• _WHAT YOU ARE ASKED TO DO_:
Here the job is to transcribe the data exactly while omitting the images.

• _SUPPLIED INFORMATION_:
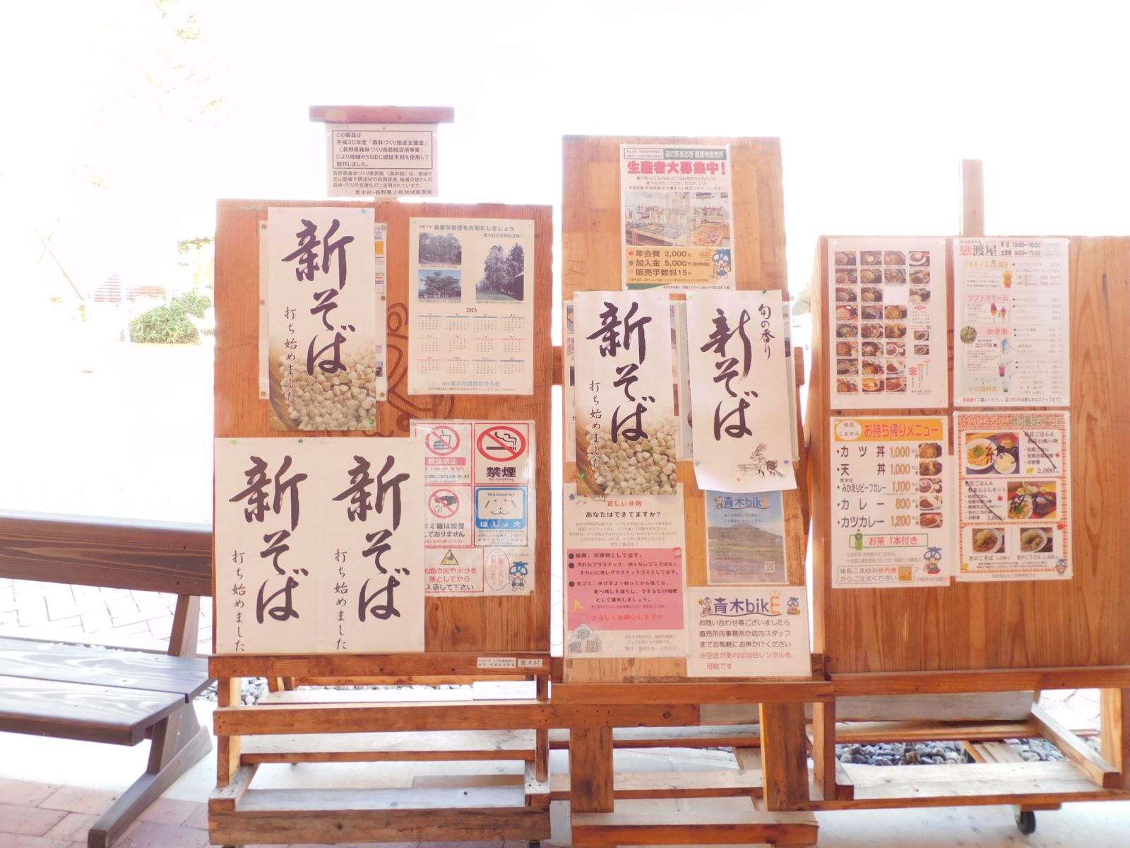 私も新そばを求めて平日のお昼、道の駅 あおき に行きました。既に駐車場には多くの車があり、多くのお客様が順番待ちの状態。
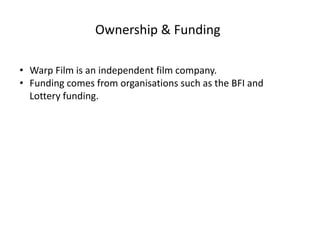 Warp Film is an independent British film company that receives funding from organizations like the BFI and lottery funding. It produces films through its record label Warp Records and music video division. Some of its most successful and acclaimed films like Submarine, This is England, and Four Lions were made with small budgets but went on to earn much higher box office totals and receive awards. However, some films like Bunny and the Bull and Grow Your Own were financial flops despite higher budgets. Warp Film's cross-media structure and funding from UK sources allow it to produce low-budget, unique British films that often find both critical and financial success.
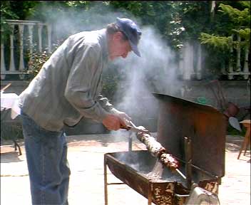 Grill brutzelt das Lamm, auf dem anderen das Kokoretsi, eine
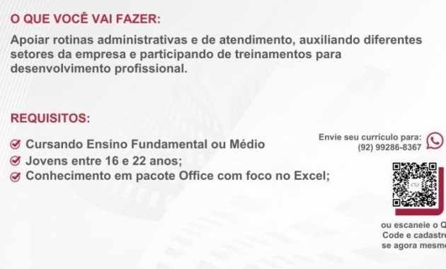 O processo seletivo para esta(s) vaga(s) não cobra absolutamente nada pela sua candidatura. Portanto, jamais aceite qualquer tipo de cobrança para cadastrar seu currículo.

• _OUTPUT BELOW_:
 私も新そばを求めて平日のお昼、道の駅 あおき に行きました。既に駐車場には多くの車があり、多くのお客様が順番待ちの状態。
 Warp Film is an independent British film company that receives funding from organizations like the BFI and lottery funding. It produces films through its record label Warp Records and music video division. Some of its most successful and acclaimed films like Submarine, This is England, and Four Lions were made with small budgets but went on to earn much higher box office totals and receive awards. However, some films like Bunny and the Bull and Grow Your Own were financial flops despite higher budgets. Warp Film's cross-media structure and funding from UK sources allow it to produce low-budget, unique British films that often find both critical and financial success.
 Grill brutzelt das Lamm, auf dem anderen das Kokoretsi, eine
 O processo seletivo para esta(s) vaga(s) não cobra absolutamente nada pela sua candidatura. Portanto, jamais aceite qualquer tipo de cobrança para cadastrar seu currículo.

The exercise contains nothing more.